I leave it to the reader to discover the other treasures which this book provides, especially concerning the placement of the Tabernacle. Happy reading!



Friday, May 18, 2012

A Marvelous Resource!

In Silence with God, 
by Benedict Baur, OSB, Archabbot of Beuron
Translated from the fourth German edition by Elisabethe Corathier-Noonan, 
Scepter Publishers, 1997.

In 220 pages, I found in this little book, most readable, a vademecum for the spiritual life no matter what your personal calling. Because the chapters average about 10 pages apiece, it recommends itself also for spiritual reading.

Chapter 22, the last chapter, entitled "On the Heights", spoke to me particularly in terms of a description of the contemplative lifestyle as practiced by a saint. His account of the fruits of a life of love is particularly meritorious and inspired.

Happy reading, I hope! 

My Vacation Book


BAD RELIGION
Douthat, Ross (2012-04-17). 
Simon & Schuster, Inc. Kindle Edition. 

It used to be that people spoke of a genre called "beach books" (since the appearance of ebooks, I guess they have been rechristened as "beach reads").

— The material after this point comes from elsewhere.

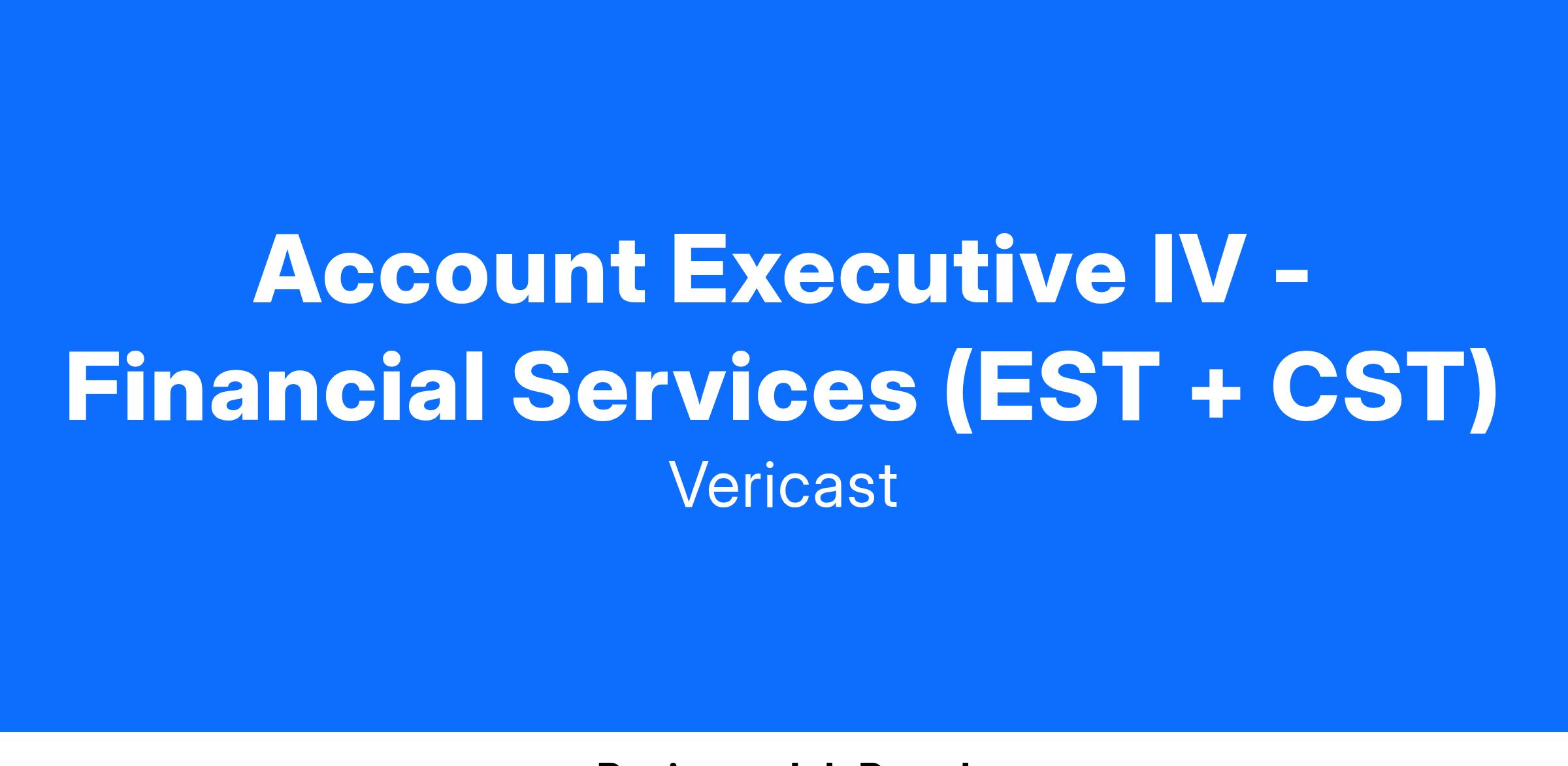 Vericast is a high growth company with the leading financial institution marketing solutions in our niche markets. Being an Account Executive at Vericast is an exciting and challenging role. This is an ideal position if you have 7-10+ years of successful sales with a focus on building relationships and creating opportunities with new and existing clients.

When they were still books, they were something you picked up because they were big, paperback and not too demanding to read on your vacation: something to fill the time while you're resting, planing or deplaning, and from content, as I say, not too taxing (no small print editions). It's a genre I can't say as I know or have ever sought out for myself. I think the appellation "vacation book" is more neutral, while certainly not excluding either substance or entertainment. Good novels, classics if you will, are vacation books, but "Bad Religion", by reason of its title has to be one too, at least to my way of thinking, ebook or not. 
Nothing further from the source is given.